The youngest of six brothers, Matt Turk had a brother who also played in the NFL, Dan Turk, who was a center for 15 seasons; Dan died on December 24, 2000. In his last season, Dan was the long snapper for one of Matt's punts, to become the first brothers to do so.

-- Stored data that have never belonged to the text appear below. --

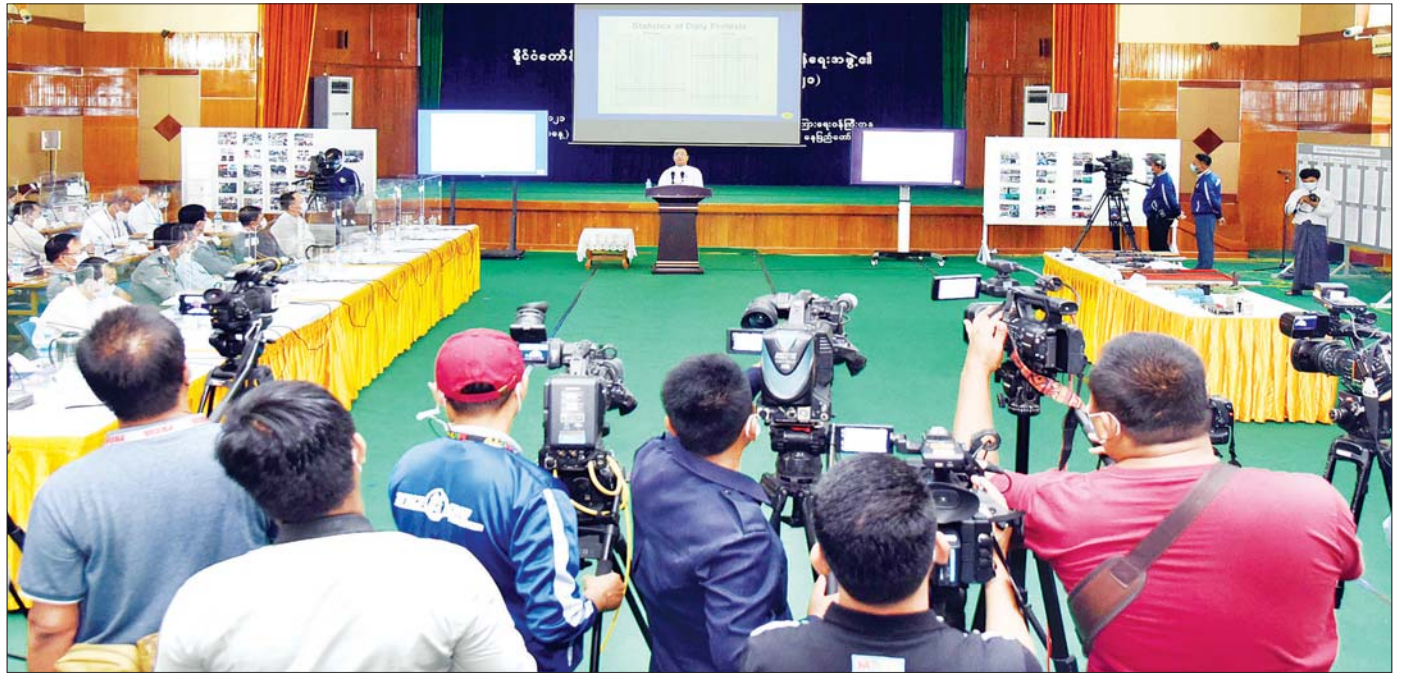
နိုင်ငံတော်စီမံအုပ်ချုပ်ရေးကောင်စီ၊ သတင်းထုတ်ပြန်ရေးအဖွဲ့၏ ၄/၂၀၂၁ ကြိမ်မြောက် သတင်းစာရှင်းလင်းပွဲကျင်းပစဉ်။

မှလည်း တစ်ခုံနှစ်ယောက်စာ ပေးစီးရသည့်အတွက် နစ်နာမှုရှိကြောင်း၊ ပြည်သူလူထုသည် အရေးပေါ်အခြေအနေတစ်ရပ်ကြောင့် ခါးစည်းခံရသည့် သဘောဖြစ်ကြောင်း၊ ယင်းကိစ္စအတွက် နိုင်ငံတော်မှ စီစဉ်ပေးရန် ရှိ/မရှိ သိလိုကြောင်း၊ လက်လုပ်လက်စားများ အရေးပေါ်အခြေအနေကြောင့် အပြင်မထွက်ရသည်များရှိကြောင်း၊ Covid-19 ကြောင့် အပြင်မထွက်ရသည်များလည်း ရှိပါကြောင်း၊ လက်လုပ်လက်စား၊ တစ်နေ့လုပ်တစ်နေ့စား ပြည်သူများ အလုပ်အကိုင်အခက်အခဲများ ဖြစ်ပေါ်ခဲ့ပါကြောင်း၊ နိုင်ငံတော်စီမံအုပ်ချုပ်ရေးကောင်စီအနေဖြင့် ပြည်သူလူထု လုပ်ကိုင်မည့် အခွင့်အလမ်းများ ဖွင့်ပေးစေလိုကြောင်း၊ အခွင့်အလမ်းများဖွင့်ပေးရန် မည်သို့စီစဉ်ထားသည်ကို သိလိုကြောင်း၊ အုပ်ချုပ်ရေးပိုင်းအနေဖြင့် ရပ်ကွက်၊ ကျေးရွာအုပ်ချုပ်ရေးကို တည်ငြိမ်အောင်၊ ပီပြင်အောင် မည်သို့ဆောင်ရွက်ပေးမည်ကို သိလိုကြောင်း
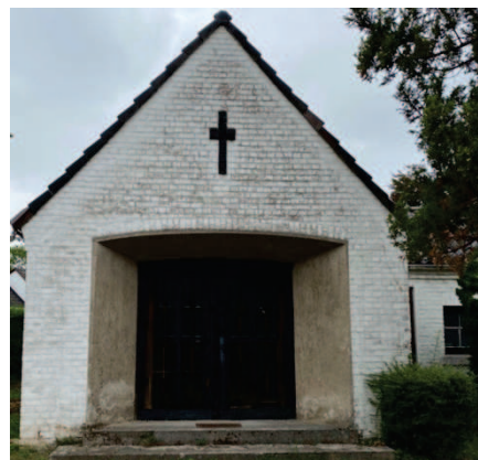
Ehemalige Trauerhalle Friedhof Weiß, Köln
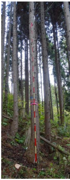
指定番号 特定1 -31 名称 スギ東育2-392 樹種 スギ 所有者 林木育種センター東北育種場
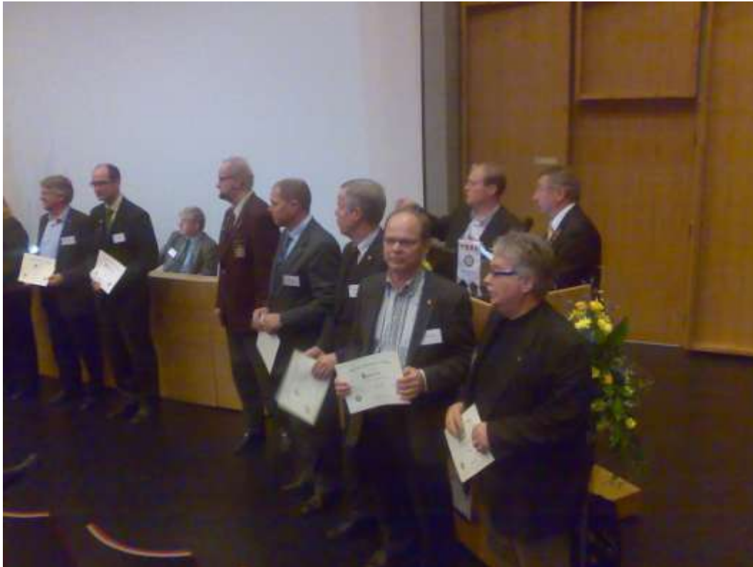
Molemmat forssalaisklubit palkittiin syysseminaarissa 2.10.2010 lahjoituksista yhteisiin rahastoihimme.
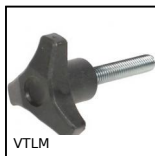
VTLM Volantino a 3 lobi, Poliammide - Acciaio
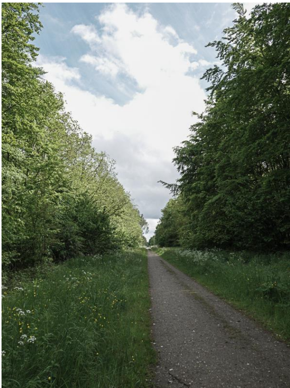
De Elzen, bij Wielewalen
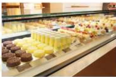
FURANO DELICE CAFE
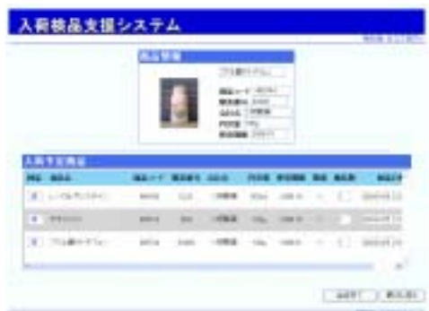
図 2 RFID 応用検品支援システムの画面イメージ

卸業者で、トレース情報を収集する手法として、RFID を応用した入荷検品支援のプロトタイプシステムを開発した。バーコードを利用する従来の検品システムとは違い、無線で ID を飛ばすため、箱に詰められた状態のままでも、検品作業ができる。そのため、作業負荷が軽減できる。
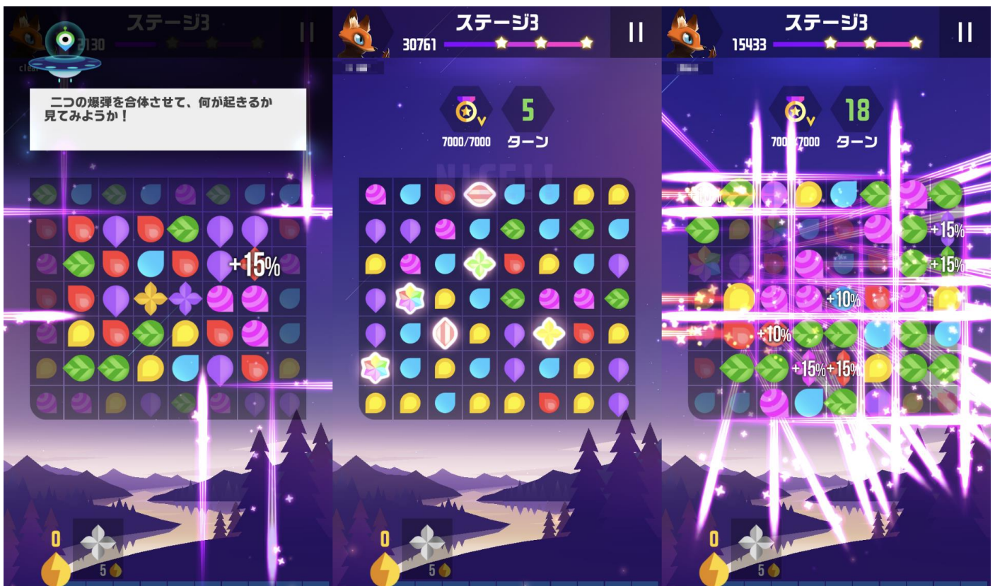
▲ナビゲーターの指示に従って爽快な大爆発を経験しよう!
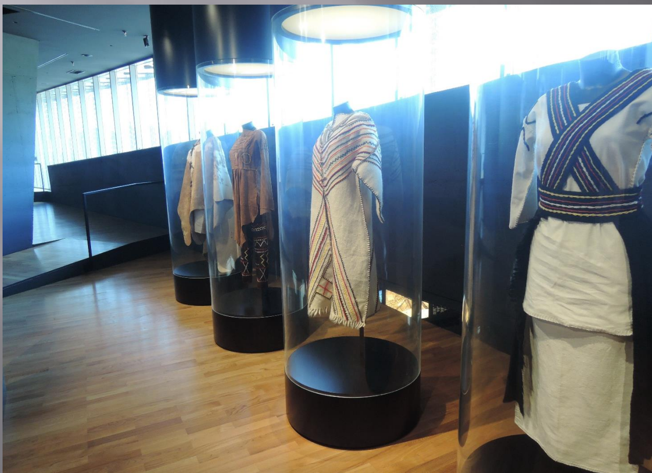
Odjevni predmeti rekonstruirani na temelju arheoloških nalaza, slika i ornamentike na glinenim posudama iz razdoblja vrhunca vučedolske kulture (3000. do 2500. p.Kr.)
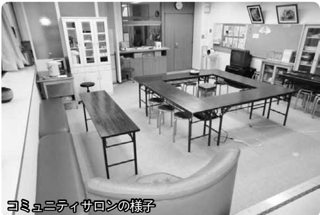
コミュニティサロンの様子
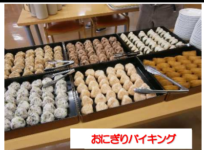
おにぎりバイキング
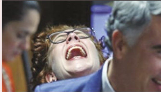
Zambelli: constrangedora sucessão de erros e gafes
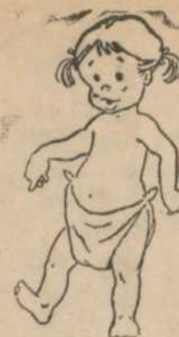
Houtmarkt 77, ZUTPHEN Telefoon 3539

voor alle doeleinden, voor half een gemaakt, dezelfde dag nog klaar.
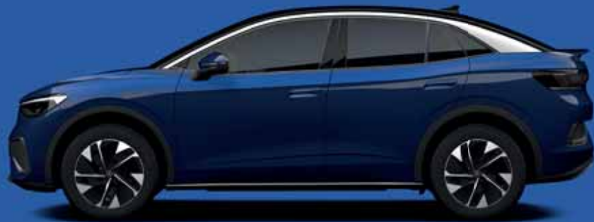
Blue Dusk | T 2 Metallicklack
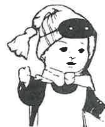
Confrérie Saint Pansard de TRÉLON
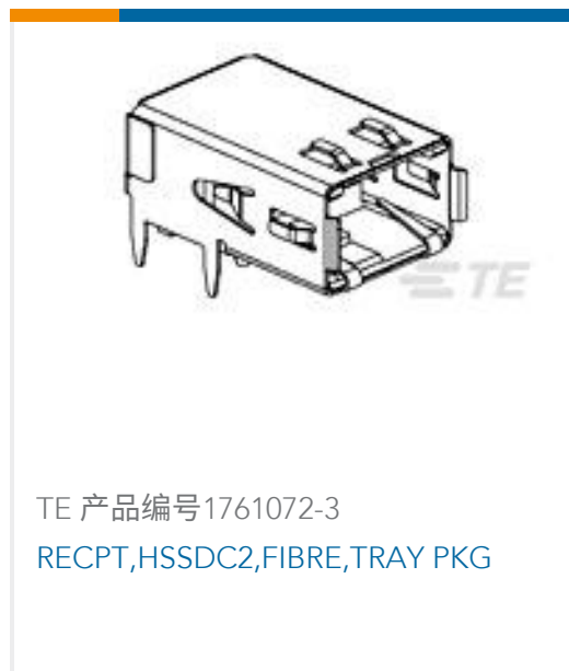
TE 产品编号1761072-3 RECPT,HSSDC2,FIBRE,TRAY PKG
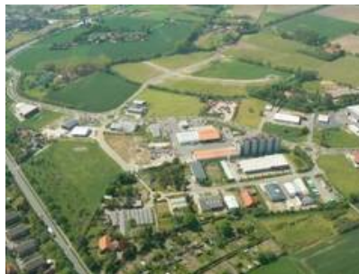
Luftbild Gewerbeparks Kiebitzpohl.JPG
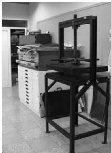
Prensa vertical en la Escuela
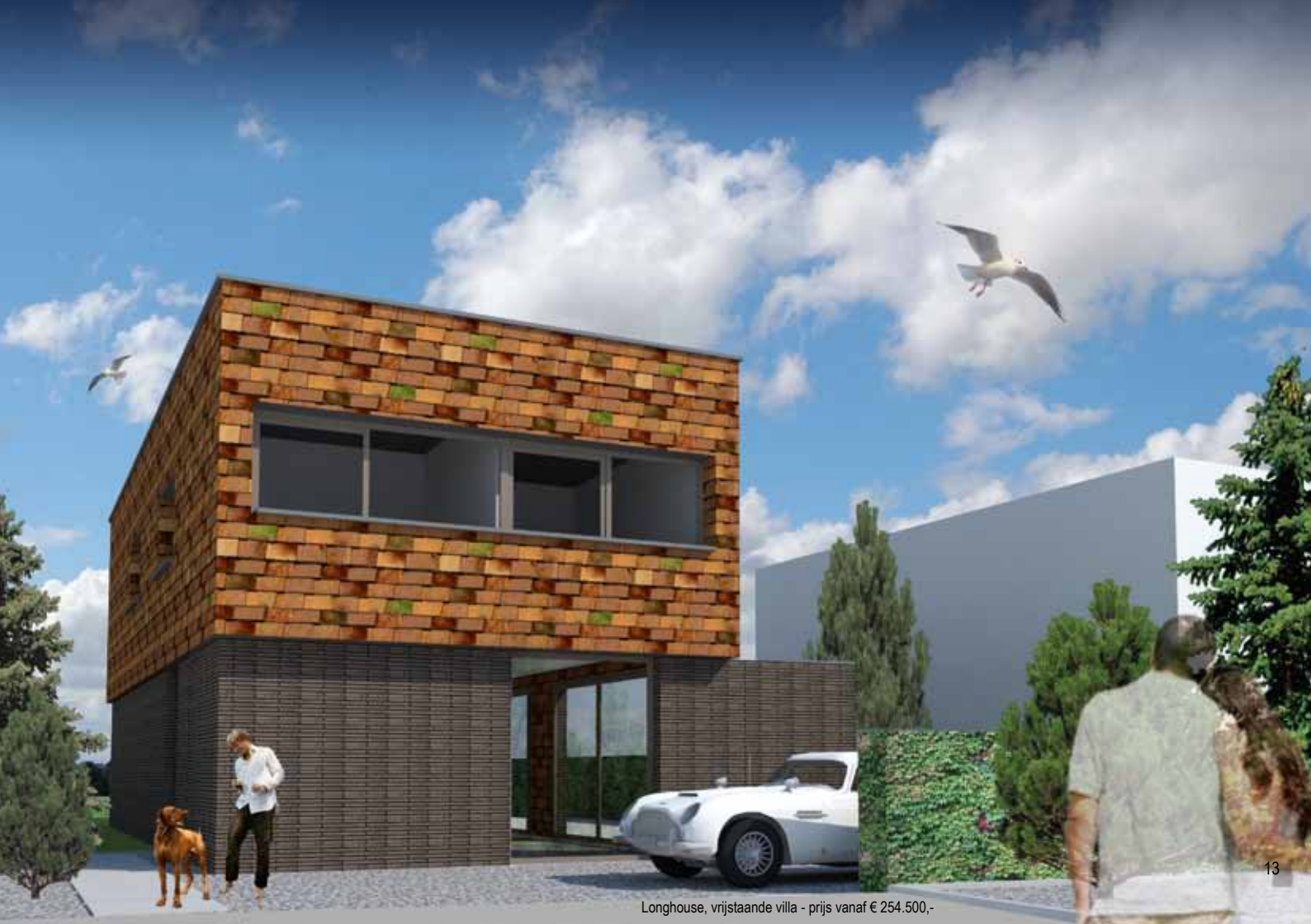
Longhouse, vrijstaande villa - prijs vanaf € 254.500,-

His nephew, Ben Turk, was the starting punter for the University of Notre Dame for the 2010, 2011, and 2012 seasons. Ben Turk worked out for the Texans' rookie mini camp in the 2013 off season, but didn't sign. Another of Matt's nephews, Michael Turk was a punter for Arizona State, and transferred to Oklahoma in 2021. In April 2023, after going undrafted Michael Turk was signed by one of his uncles former teams, the Miami Dolphins before getting cut.